Division of Experimental Cardiology, Department of Cardiology, Thoraxcenter, Cardiovascular Research School COEUR, Erasmus Medical Center, Rotterdam, The Netherlands.
Am J Physiol Heart Circ Physiol. 2011 Sep;301(3):H1080-9. doi: 10.1152/ajpheart.01307.2010. Epub 2011 Jun 17.
Myocardial infarction (MI) is associated with endothelial dysfunction resulting in an imbalance in endothelium-derived vasodilators and vasoconstrictors. We have previously shown that despite increased endothelin (ET) plasma levels, the coronary vasoconstrictor effect of endogenous ET is abolished after MI. In normal swine, nitric oxide (NO) and prostanoids modulate the vasoconstrictor effect of ET. In light of the interaction among NO, prostanoids, and ET combined with endothelial dysfunction present after MI, we investigated this interaction in control of coronary vasomotor tone in the remote noninfarcted myocardium after MI. Studies were performed in chronically instrumented swine (18 normal swine; 13 swine with MI) at rest and during treadmill exercise. Furthermore, endothelial nitric oxide synthase (eNOS) and cyclooxygenase protein levels were measured in the anterior (noninfarcted) wall of six normal and six swine with MI. eNOS inhibition with N(ω)-nitro-L-arginine (L-NNA) and cyclooxygenase inhibition with indomethacin each resulted in coronary vasoconstriction at rest and during exercise, as evidenced by a decrease in coronary venous oxygen levels. The effect of l-NNA was slightly decreased in swine with MI, although eNOS expression was not altered. Conversely, in accordance with the unaltered expression of cyclooxygenase-1 after MI, the effect of indomethacin was similar in normal and MI swine. L-NNA enhanced the vasodilator effect of the ET(A/B) receptor blocker tezosentan but exclusively during exercise in both normal and MI swine. Interestingly, this effect of L-NNA was blunted in MI compared with normal swine. In contrast, whereas indomethacin increased the vasodilator effect of tezosentan only during exercise in normal swine, indomethacin unmasked a coronary vasodilator effect of tezosentan in MI swine both at rest and during exercise. In conclusion, the present study shows that endothelial control of the coronary vasculature is altered in post-MI remodeled myocardium. Thus the overall vasodilator influences of NO as well as its inhibition of the vasoconstrictor influence of ET on the coronary resistance vessels were reduced after MI. In contrast, while the overall prostanoid vasodilator influence was maintained, its inhibition of ET vasoconstrictor influences was enhanced in post-MI remote myocardium.

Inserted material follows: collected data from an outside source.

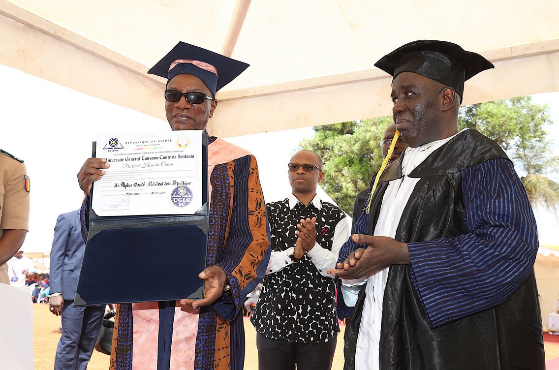 [dropcap]L[/dropcap]e président de la République a été élevé vendredi au grade de docteur honoris causa par l’université Général Lansana Conté de Sonfonia. Ce titre honorifique a été décerné à Alpha Condé en reconnaissance, dit-on, des services a rendus à l’école guinéenne.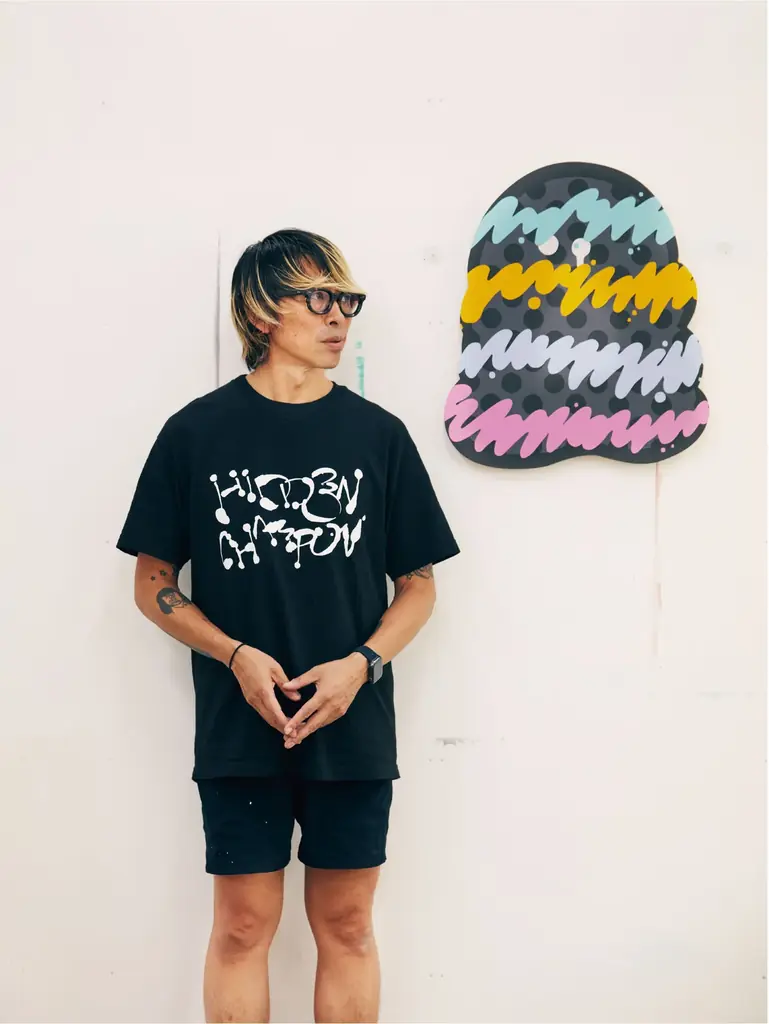 神山隆二(Ryuji Kamiyama)は90年代初頭にグラフィック業界から衣服の世界へと活動を広げ、ブランド「FAMOUZ」として裏原宿でおよそ10年の活動を行いました。その後は路上や公共空間でのライブペイントを中心に制作を続け、2003年に東京で初個展を開催して以降、サンフランシスコ(SF)、ロサンゼルス(LA)、パリ(PARIS)、北欧など海外でも個展・グループ展を展開しています。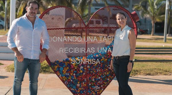 Progreso. – La estructura de un corazón rojo, instalado en el parque de La Paz del malecón tradicional “Romeo Frías Bobadilla”, tiene un fin: ayudar a niños con cáncer y, al mismo tiempo, contribuir al medio ambiente.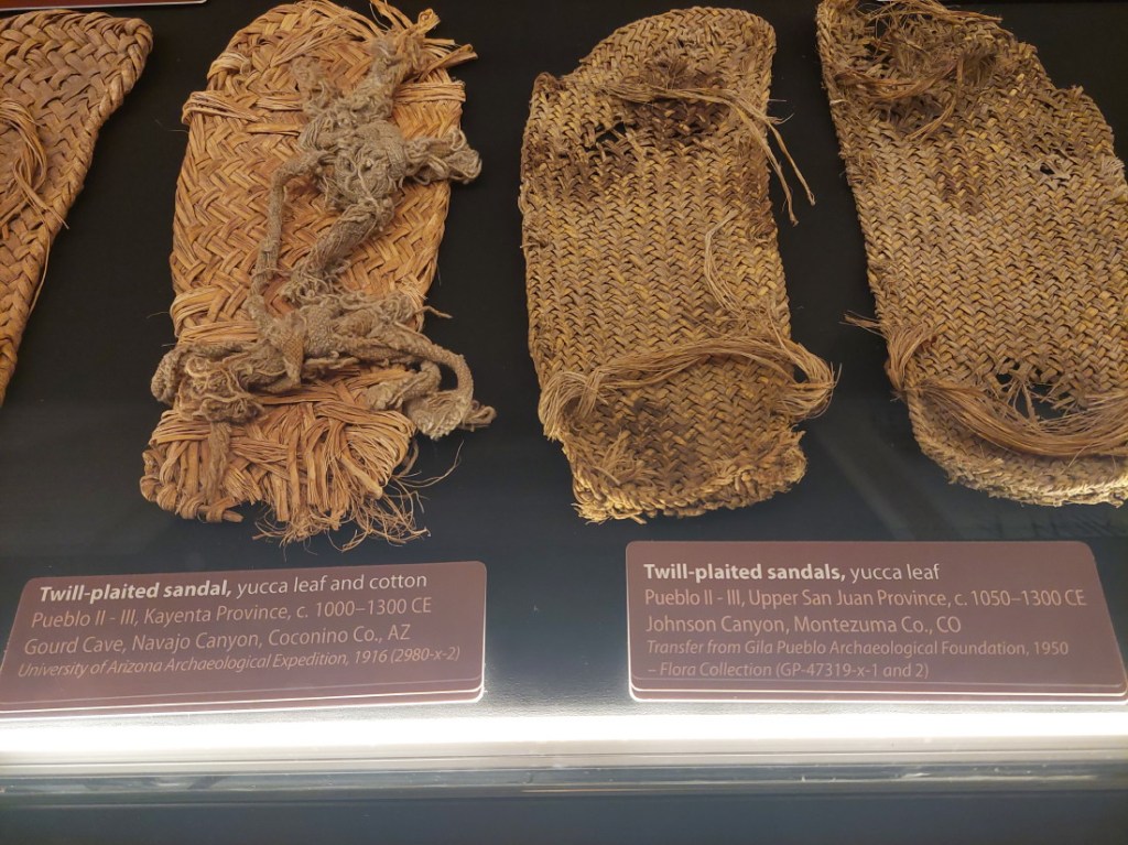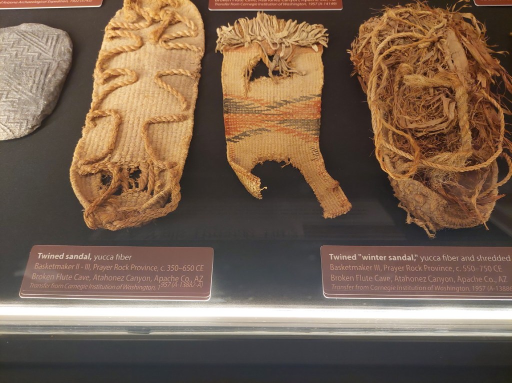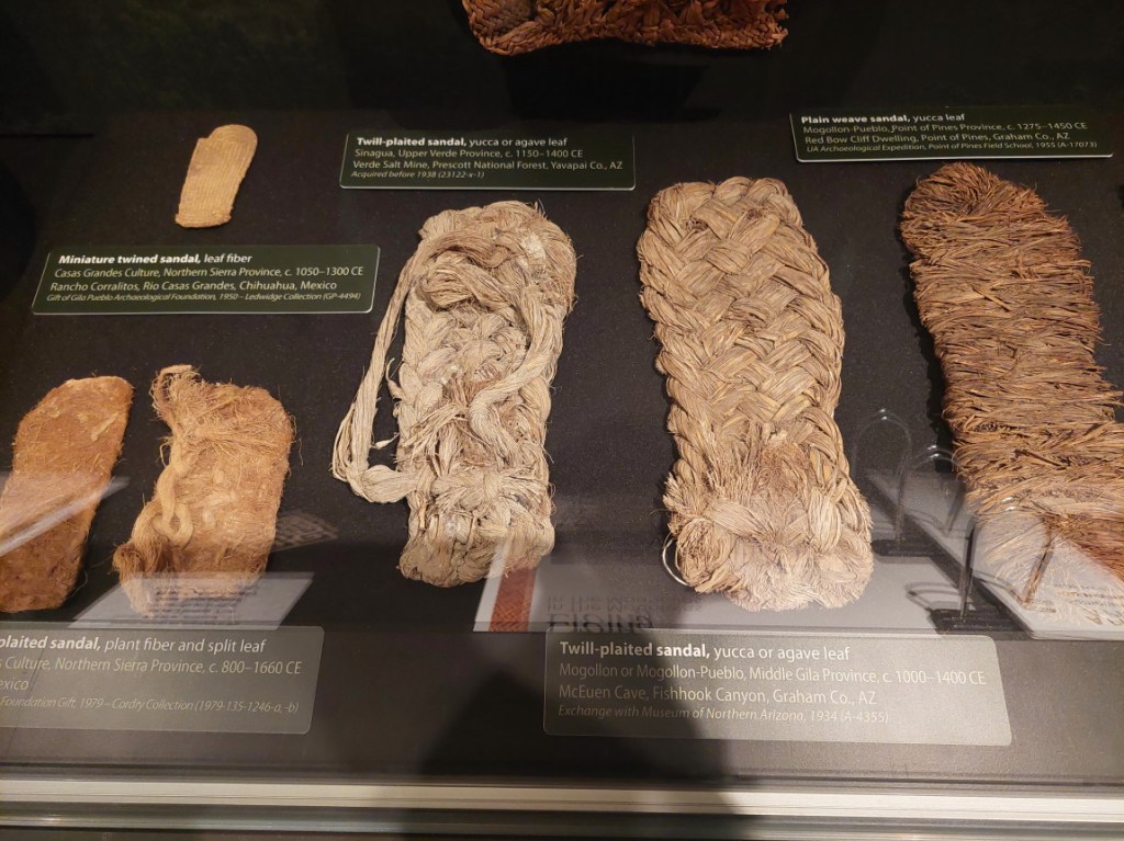 I visited the University of Arizona a couple of days ago. I found the evidence. While most Native cultures around here were pretty much nude, there were shoes to protect feet, at least while running hundreds of miles across wilderness desert.

心肌梗死(MI)与内皮功能障碍有关,导致内皮衍生的血管舒张剂和血管收缩剂失衡。我们之前已经表明,尽管内皮素(ET)的血浆水平升高,但 MI 后内源性 ET 的冠状动脉收缩作用被消除。在正常猪中,一氧化氮(NO)和前列腺素调节 ET 的血管收缩作用。鉴于 MI 后存在的 NO、前列腺素和 ET 之间的相互作用以及内皮功能障碍,我们研究了这种相互作用在 MI 后远程非梗死心肌的冠状动脉血管舒缩张力控制中的作用。研究在慢性仪器化猪(18 只正常猪;13 只 MI 猪)在休息和跑步机运动时进行。此外,还测量了前壁(非梗死)壁中的内皮型一氧化氮合酶(eNOS)和环氧化酶蛋白水平在六只正常猪和六只 MI 猪中。eNOS 抑制用 N(ω)-硝基-L-精氨酸(L-NNA)和环氧化酶抑制用吲哚美辛在休息和运动时都导致冠状动脉收缩,这表现为冠状静脉氧水平下降。尽管 eNOS 表达没有改变,但 MI 猪中的 L-NNA 作用略有降低。相反,与 MI 后环氧化酶-1 表达不变一致,吲哚美辛在正常和 MI 猪中的作用相似。L-NNA 增强了 ET(A/B)受体阻滞剂替扎森坦的血管扩张作用,但仅在正常和 MI 猪的运动期间。有趣的是,与正常猪相比,MI 中的这种 L-NNA 作用减弱。相比之下,尽管吲哚美辛仅在正常猪的运动时增加了替扎森坦的血管扩张作用,但吲哚美辛在 MI 猪中揭示了替扎森坦在休息和运动时的冠状动脉血管扩张作用。总之,本研究表明,MI 后重塑心肌中冠状动脉血管的内皮控制发生改变。因此,MI 后,NO 的整体血管扩张作用及其对 ET 血管收缩作用的抑制作用降低了冠状动脉阻力血管的整体血管扩张作用。相比之下,虽然整体前列腺素血管扩张作用得到维持,但 MI 后远程心肌中其对 ET 血管收缩作用的抑制作用增强。